Bee and wasp social structure is very similar to that of ants, except all of the members have wings. Both bees and ants communicate effectively using pheromone methods. For example, honey bees use brooding pheromone to increase eggs laid by the queen. Unlike ants, bees also use "dance language". This very complex behaviour allows foraging bees to communicate to their sisters the location of resources and dangers in the foraging space all through dancing movements. However, inside the dark chambers of the nest itself, complex pheromone systems are used to communicate and organize the group.

=== In blattodea ===
Termites, in the order Blattodea, also have an advanced social network. The termite social network evolved separately from the Hymenoptera, and has some key differences. Instead of just a reproductive queen, termites have a reproductive royal pair, the king and queen, that stay in the colony to produce offspring. The other colony members are divided into workers and soldiers. Workers and soldiers can be male or female, and lack wings, eyes, and developed sex organs, unlike the reproductive members.
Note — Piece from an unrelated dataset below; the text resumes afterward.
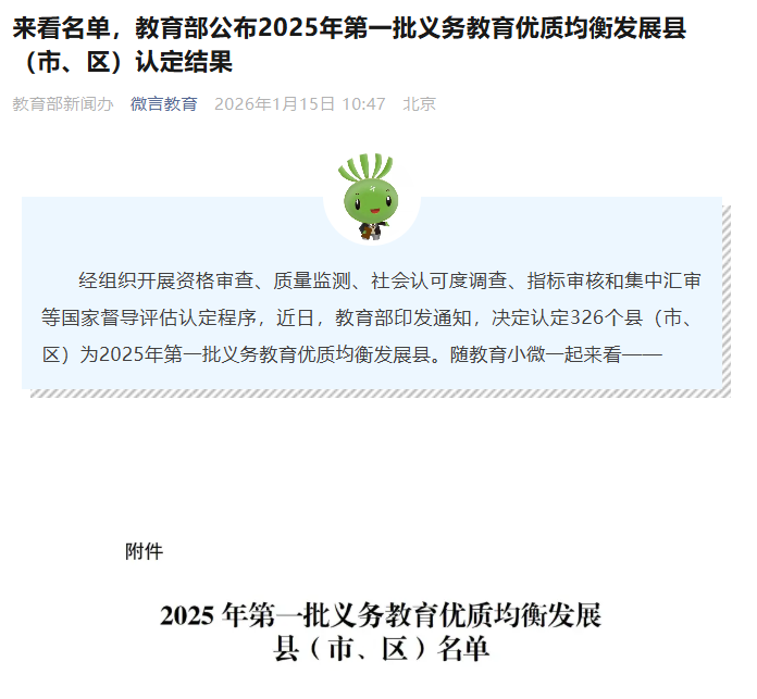 近日,江汉区、青山区、洪山区、东西湖区、黄陂区成功通过国家评估认定,荣获“国家义务教育优质均衡发展区”称号。在全国此次通过的326个县(市、区)中,湖北共9个,加上2024年首批通过的江岸区、武昌区,武汉已有七区获此殊荣,数量及占比均居全省首位,标志着我市在教育公平与质量提升的道路上迈出关键步伐,向着2027年在全省率先实现全域通过国家评估认定的目标坚实迈进。

Workers perform all of the colony's maintenance, such as caring for young, cleaning, building tunnels, and feeding the other members. The primary goal of the soldiers is to defend and guard the entrance to the colony.

== Trophallaxis networks ==
The network of trophallaxis events differs from the network of social contacts. In the trophallaxis network of Lasius niger, foragers have higher betweenness and centrality than domestic workers. The domestic workers appear to form three clusters. There also appear to be some domestic workers which act as intermediaries between foragers and other domestic workers.

==Recruitment networks==

In some species, during nest emigration, there is a minority of workers who actively search for new nest sites. When they find a promising site they recruit nest-mates to show them the site. The nest-mates can in turn recruit more workers and when a critical mass of ants moves back and forth between the old site and a particular new site then the whole colony moves. Recruitment generally occurs via tandem running, and the emigration process can be modelled as a directed network where edges connect workers who performed a tandem run together, and the directionality shows which worker led and which worker followed. The density and complexity of these networks appear to increase with indecision, and the core of the networks consists predominantly of the subcaste of workers specialised in finding new sites and recruiting other workers.
==Disease prevention ==
Living in large colonies in confined spaces creates a risk of pathogen spreading. Insects in social networks show many anti-pathogen behaviours to prevent the spread of infection. An example of this behaviour is the pathogen alarm behaviour in termites. If a termite detects itself being infected with pathogen spores, it will produce a vibratory signal to warn the other colony members to stay away from it to prevent the spread of the fungi.